For this exercise, write out only the lines of the entries below from the one with "トップの大きさ パール1粒:0.4cm" up to and including the one with "Here is a Velosolex", exactly as they are. Pictures stay out.

*** RECORD SET Section Begins ***

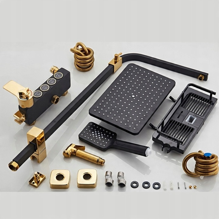 Душовий набір із змішувачем для ванної кімнати золотого та чорного кольорів оснащено тропічним душем, який розміщується над головою користувача. Вода, що витікає з квадратного тропічного душа, приймає форму дощу, приємно кроплячи голову і тіло. Він справляє враження масажу та забезпечує неймовірні враження від релаксації
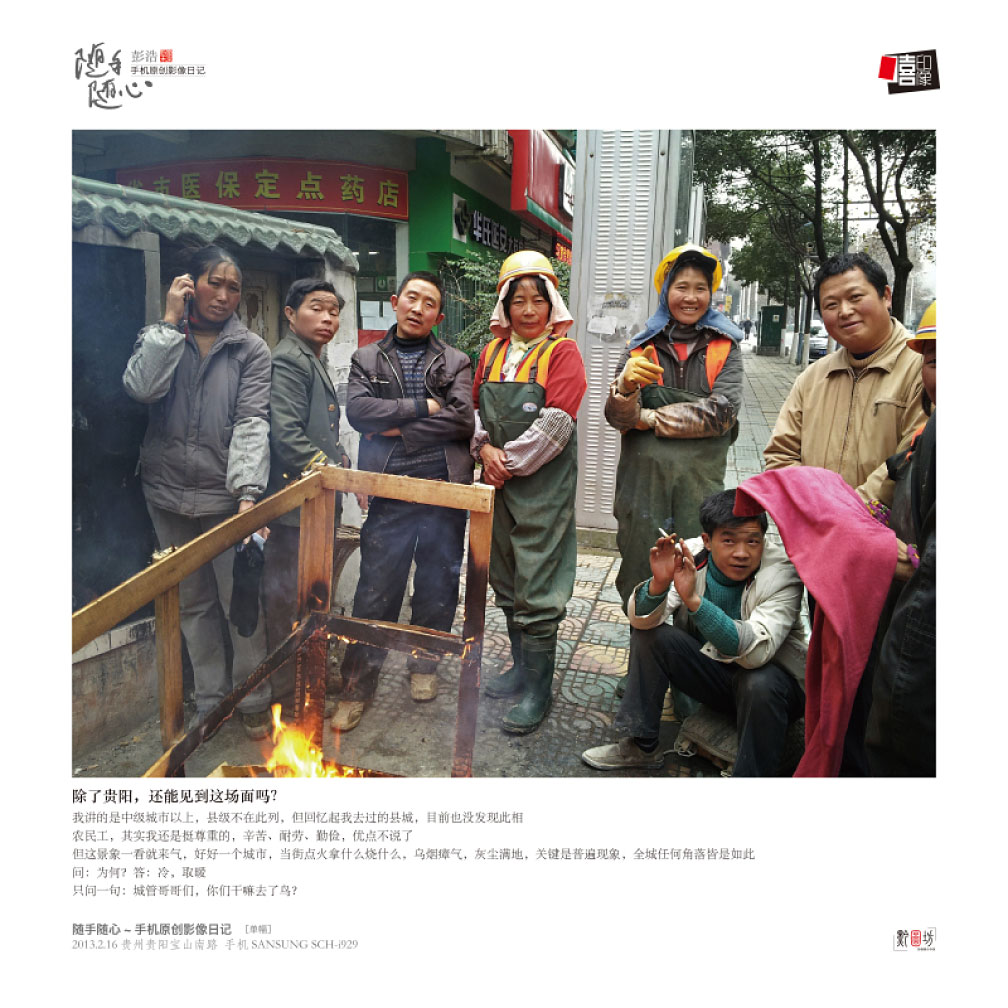 这次手机摄影展是彭浩用了一年的时间,采用手机纪实拍摄的手法与微信实时传播的方式,记录了身边的各式各样的生活与场景。展出作品1500余幅,其中,影像日记作品100套,单幅作品40幅,
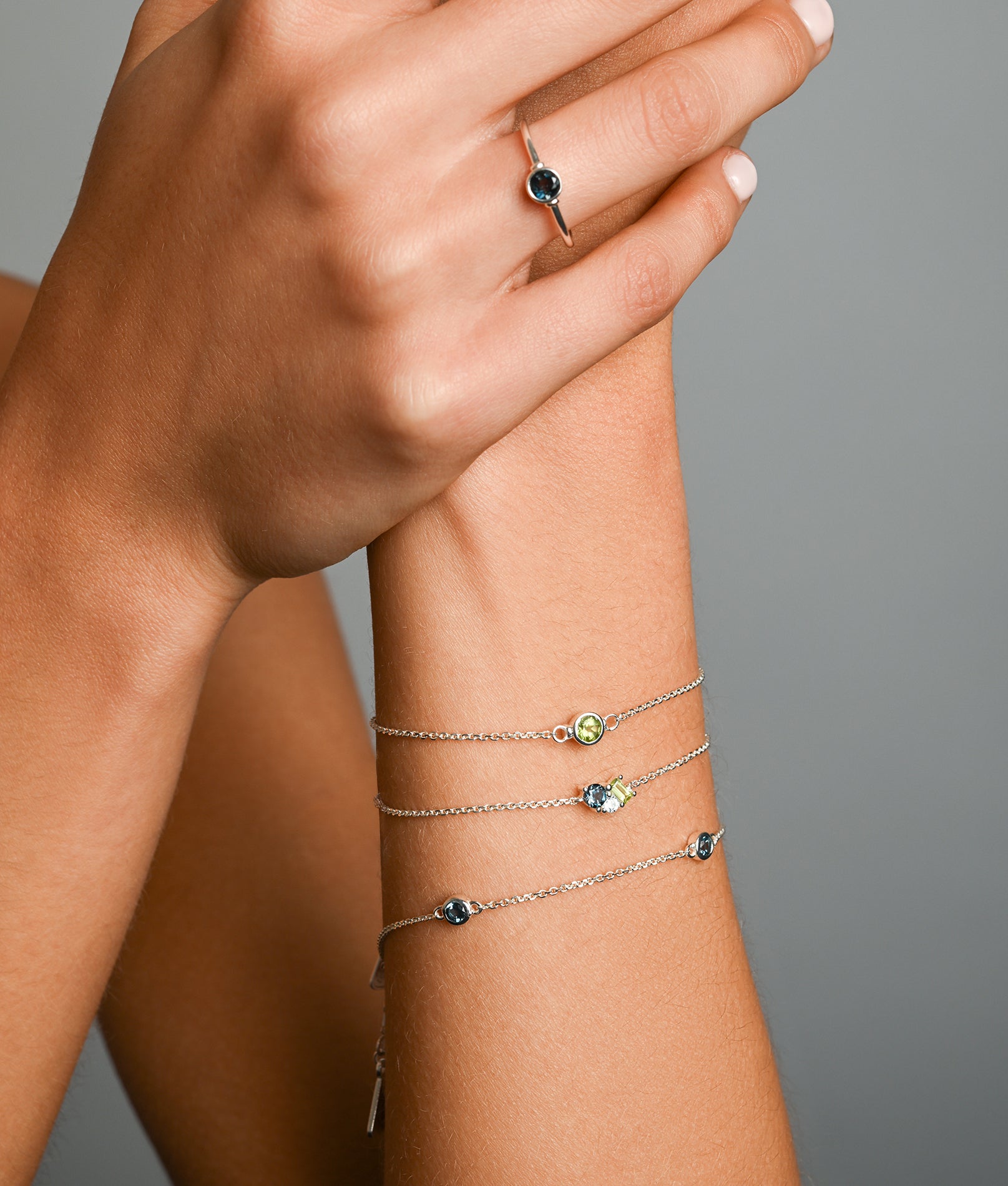 Fresh and vibrant. This fine chain bracelet is set with a round-cut Peridot, its green tones adding a lively pop of colour to a delicate sterling silver chain. An easy choice for everyday wear or layered styling.
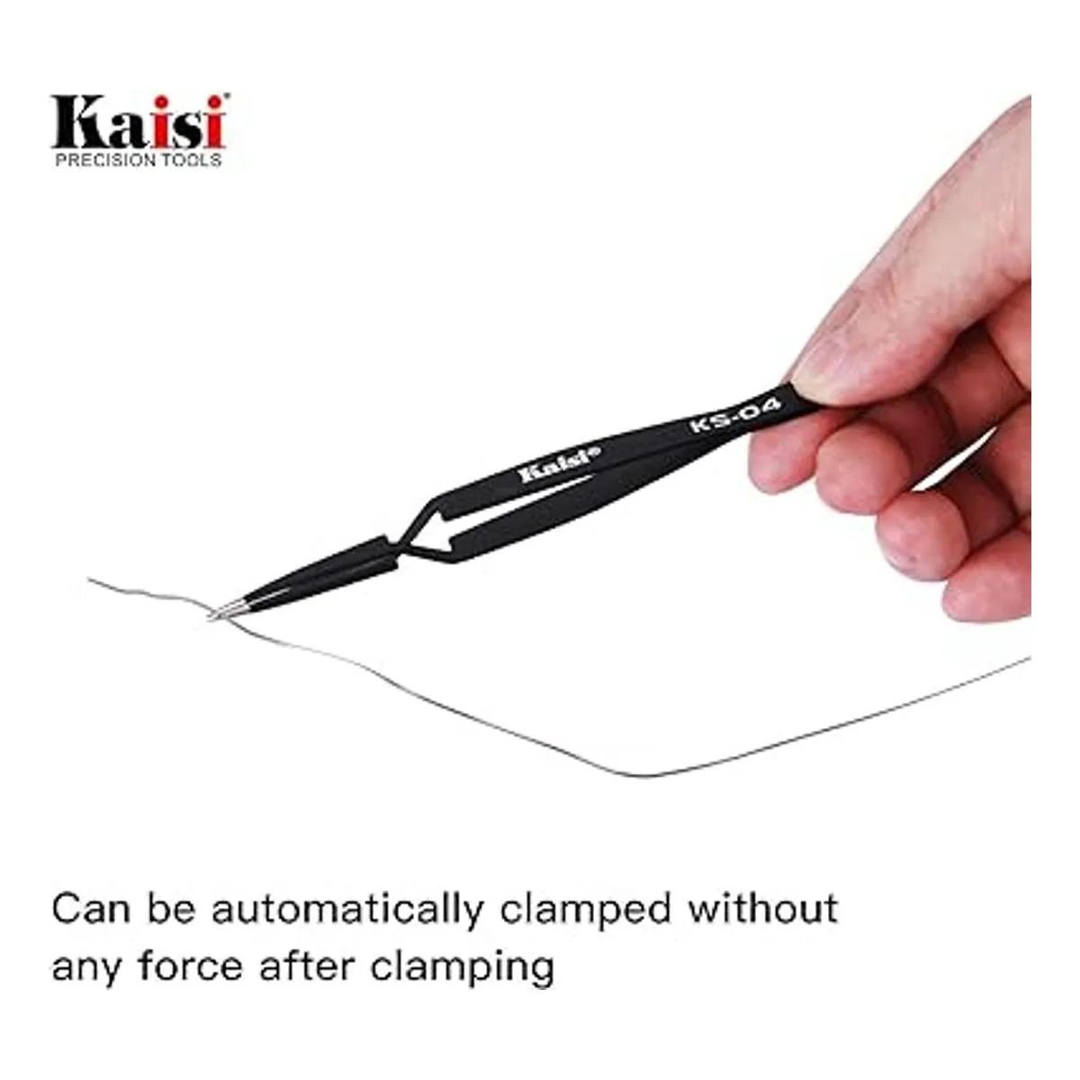 La punta de las pinzas tiene una alta dureza y se puede utilizar para un funcionamiento preciso como soldadura de tablero o reparación de relojes. Por razones de seguridad, devuelve el tubo protector a las pinzas afiladas cuando no esté en uso
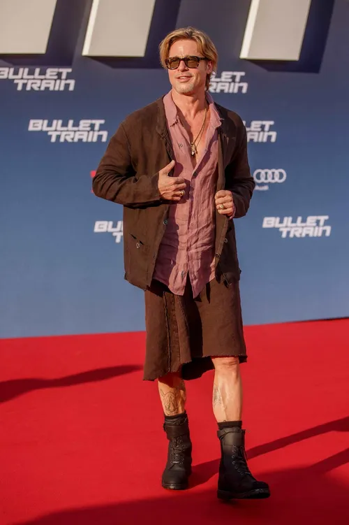 58-letni igralec je za ta dogodek izbral rjavo krilo, kombiniral pa ga je z rjavim suknjičem, pod katerim je nosil rožnato srajco. Obul je črne bulerje in pokazal noge, na katerih so vidne tetovaže. Sicer pa Brad ni prvi od zvezdnikov, ki so navdušeni nad trendom moškega nošenja kril. Med slednje spadajo še Harry Styles, Pete Davidson in Lewis Hamilton.
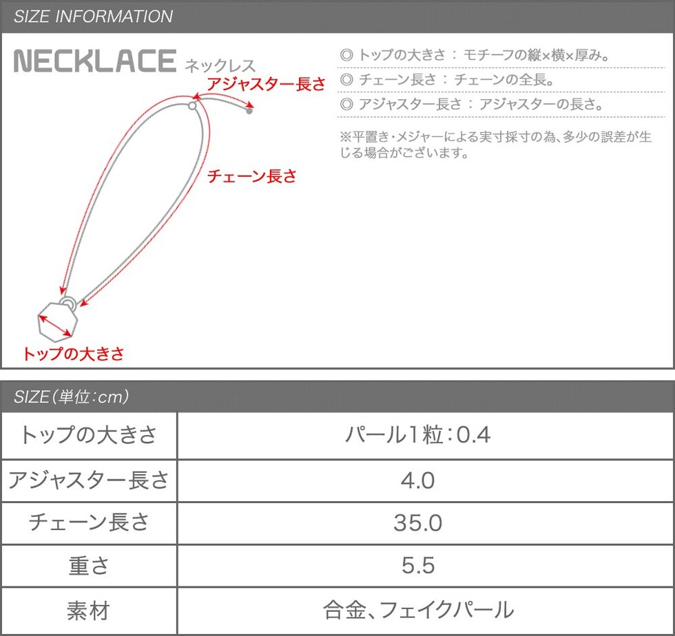 トップの大きさ パール1粒:0.4cm
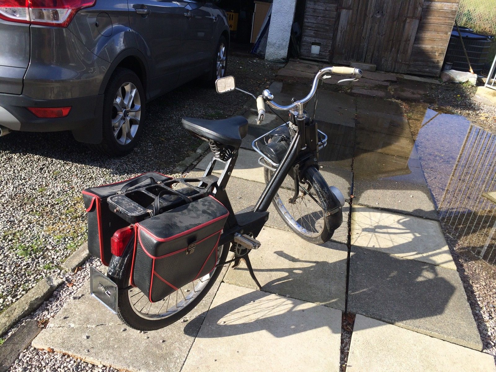 Here is a Velosolex that has just returned from France. I don't know what year it is but I've been told it's a mid 60s model. I do have some paperwork that has serial numbers.
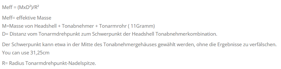 Thomas Schick zur Berechnung der effektiven Masse für einen seiner Tonarme. Deswegen sind Werte genannt, die für andere Tonarme nicht gelten. Also Werte ausblenden....
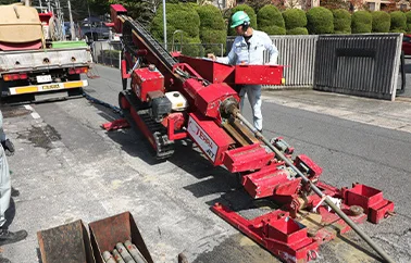 想定外の地中埋設物や、地層に遭遇した時、ドリルヘッドを数メートル手前にバックさせ、障害物を迂回するラインをすばやく再削孔することが可能です。また、機械は地上設置を基本とし、作業スペースを小さくスピーディーに施工することができるため、日々の機械据付撤去も容易です。

*** RECORD SET Section Ends ***

• OUTPUT FOR THIS EXERCISE:
 トップの大きさ パール1粒:0.4cm
 Here is a Velosolex that has just returned from France. I don't know what year it is but I've been told it's a mid 60s model. I do have some paperwork that has serial numbers.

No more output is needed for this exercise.